2010 Commencement remarks by Robert S. Langer, the Institute Professor at the Massachusetts Institute of Technology (MIT) and a renowned biotechnology pioneer and prolific inventor. (Video: 3 min., 46 sec.)
ROBERT S. LANGER, SC.D. Honorary Doctor of Engineering
Robert S. Langer, the Institute Professor at the Massachusetts Institute of Technology (MIT), is a renowned biotechnology pioneer and prolific inventor. His research laboratory at MIT, which has been called the largest biomedical engineering lab in the world, is responsible for key advances in the administration of drugs through the skin without needles or other invasive methods, and important tissue engineering breakthroughs.
Dr. Langer is the David H. Koch Institute Professor at MIT. He has written approximately 1,050 articles. Dr. Langer also has approximately 750 issued and pending patents worldwide. Dr. Langer’s patents have been licensed or sublicensed to more than 220 pharmaceutical, chemical, biotechnology and medical device companies. He is the most cited engineer in history.
Dr. Langer served as a member of the United States Food and Drug Administration’s SCIENCE Board, the FDA’s highest advisory board, from 1995-2002 and as its chairman from 1999-2002.
Dr. Langer has received over 170 major awards including the 2006 United States National Medal of Science; the Charles Stark Draper Prize, considered the equivalent of the Nobel Prize for engineers; and the 2008 Millennium Prize, the world’s largest technology prize.

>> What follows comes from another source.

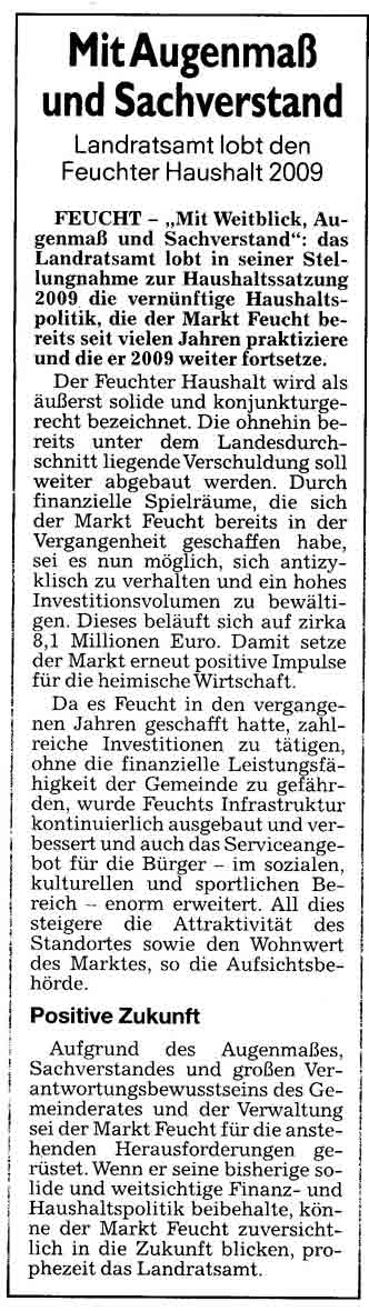 Als objektive Genehmigungsbehörde prüft das Landratsamt jedes Jahr den Feuchter Haushalt - und seit vielen Jahren erhält Bürgermeister Konrad Rupprecht dabei jeweils hohes Lob. Auch heuer ist dies erneut der Fall - wie nebenstehender Artikel vom 2.6.09 aus dem Boten eindrucksvoll belegt. Der Haushalt für das Jahr 2009 und auch die Finanzplanung für die kommenden Jahre stehen auf gesunden und festen Füßen - und das ist das Ergebnis der langjährigen soliden und vorausschauenden Haushaltspolitik von Bürgermeister Konrad Rupprecht und der Feuchter CSU. Die CSU-Fraktion wird aber auch weiterhin darauf achten, dass Investitionen nur in einem für den Markt Feucht vertretbarem Rahmen getätigt werden und dabei haben in der Vergangenheit und werden auch zukünftig notwendige sozialen Anliegen die erforderliche Berücksichtigung erfahren. Es ist erfreulich, dass diese Haltung der CSU – die Gewährung von sozialen und freiwilligen Leistungen durch den Markt Feucht unter Wahrung einer soliden finanziellen Basis - im Marktgemeinderat in der Vergangenheit die notwendigen Mehrheiten erhielt. Wir sind es mittlerweile auch gewohnt, dass die Feuchter SPD außer einigen Mäkeleien kaum Konkretes entgegenzusetzen hat. So bemängelte beispielsweise der stellvertretende SPD-Fraktionsvorsitzende Schwächen bei Investitionen und für soziale Maßnahmen im Etat 2008: "Hier hätten wir uns mehr Mut und Weitblick bei einer Reihe von Positionen gewünscht". Als übergeordnete Behörde ist da das Landratsamt im Gegensatz zur Feuchter SPD zu höchster Objektivität verpflichtet - und spricht Klartext: "Aufgrund des Augenmaßes, Sachverstandes und großen Verantwortungsbewusstsein des Gemeinderates und der Verwaltung ist der Markt Feucht für die anstehenden Herausforderungen gerüstet. ..... Durch zahlreiche Investitionen in den vergangenen Jahren wurde die Infrastruktur kontinuierlich ausgebaut und verbessert und das Serviceangebot für die Bürger im sozialen, kulturellen und sportlichen Bereich enorm erweitert." H.Bauer |
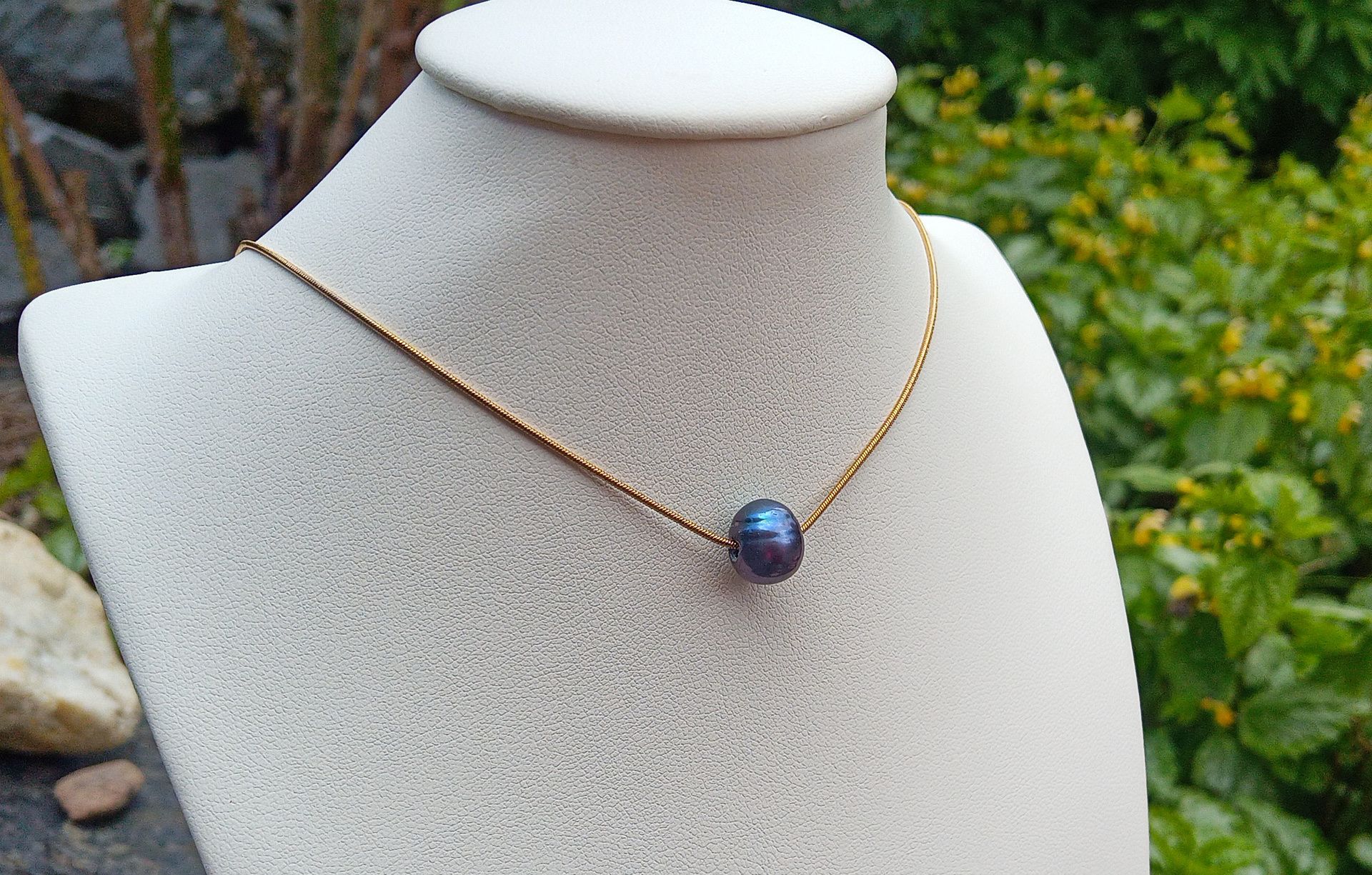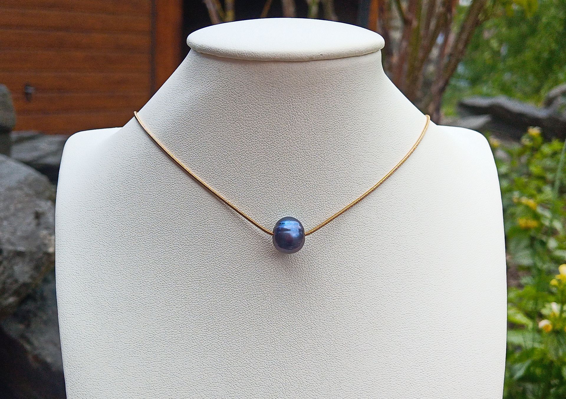 Jihomořská tmavá perla v řetízku z pozlacené chirurgické oceli, perlový náhrdelník

He is also the only engineer to receive the Gairdner Foundation International Award. Among numerous other awards, Langer has received the Dickson Prize for Science (2002) and the Albany Medical Center Prize in Medicine and Biomedical Research (2005). In 1998, he received the Lemelson-MIT prize, the world’s largest prize for invention, for being “one of history’s most prolific inventors in medicine.”
In 1989 Dr. Langer was elected to the Institute of Medicine of the National Academy of Sciences, and in 1992 he was elected to both the National Academy of Engineering and to the National Academy of Sciences.
Forbes Magazine (1999) and Bio World (1990) have named Dr. Langer as one of the 25 most important individuals in biotechnology in the world. Discover Magazine (2002) named him as one of the 20 most important people in this area. Forbes Magazine (2002) selected Dr. Langer as one of the 15 innovators worldwide who will reinvent our future. Time Magazine and CNN (2001) named Dr. Langer as one of the 100 most important people in America and one of the 18 top people in science or medicine in America.
Dr. Langer received his bachelor’s degree from Cornell University in 1970 and his Sc.D. from the Massachusetts Institute of Technology in 1974, both in chemical engineering.